On 3/6/25 09:56, Warner Losh wrote:
On Thu, Mar 6, 2025, 5:33 AM John Baldwin <j...@freebsd.org> wrote:
On 3/6/25 06:35, Mateusz Guzik wrote:
On Thu, Mar 6, 2025 at 12:32 PM Zhenlei Huang <z...@freebsd.org> wrote:
On Mar 6, 2025, at 7:03 PM, Mateusz Guzik <m...@freebsd.org> wrote:
The branch main has been updated by mjg:
URL:
https://cgit.FreeBSD.org/src/commit/?id=234683726708cf5212d672d676d30056d4133859
commit 234683726708cf5212d672d676d30056d4133859
Author: Mateusz Guzik <m...@freebsd.org>
AuthorDate: 2025-03-06 11:01:49 +0000
Commit: Mateusz Guzik <m...@freebsd.org>
CommitDate: 2025-03-06 11:01:49 +0000
devclass: make devclass_alloc_unit use M_NOWAIT
The only caller already does this.
The routine can be called with a mutex held making M_WAITOK illegal.

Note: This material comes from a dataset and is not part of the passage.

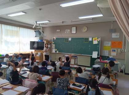 1年生の国語、言葉の学習では片仮名の学習が進んでいます。今日は「ハ」と「ラ」を学びました。その片仮名を使う言葉を身の回りやこれまでの経験から探し、次々に見付けました。「パラリンピックにはどっちも使われてるよ」とみんなを関心させる発見をしている子もいました。

Sponsored by: Rubicon Communications, LLC ("Netgate")
---
sys/kern/subr_bus.c | 8 ++++++--
1 file changed, 6 insertions(+), 2 deletions(-)
diff --git a/sys/kern/subr_bus.c b/sys/kern/subr_bus.c
index 9506e471705c..0422352bba51 100644
--- a/sys/kern/subr_bus.c
+++ b/sys/kern/subr_bus.c
@@ -1208,6 +1208,7 @@ devclass_get_sysctl_tree(devclass_t dc)
static int
devclass_alloc_unit(devclass_t dc, device_t dev, int *unitp)
{
+ device_t *devices;
const char *s;
int unit = *unitp;
@@ -1264,8 +1265,11 @@ devclass_alloc_unit(devclass_t dc, device_t dev,
int *unitp)
int newsize;
newsize = unit + 1;
- dc->devices = reallocf(dc->devices,
- newsize * sizeof(*dc->devices), M_BUS, M_WAITOK);
+ devices = reallocf(dc->devices,
+ newsize * sizeof(*dc->devices), M_BUS, M_NOWAIT);
I'd recommend against this. From the commit message of f3d3c63442ff,
Warner said,
In addition, transition to M_WAITOK since this is a sleepable context
So, the M_WAITOK is intentional.
Rather than reverting this, the caller devclass_add_device() should use
M_WAITOK.
Per my commit message this is callable from a *NOT* sleepable context.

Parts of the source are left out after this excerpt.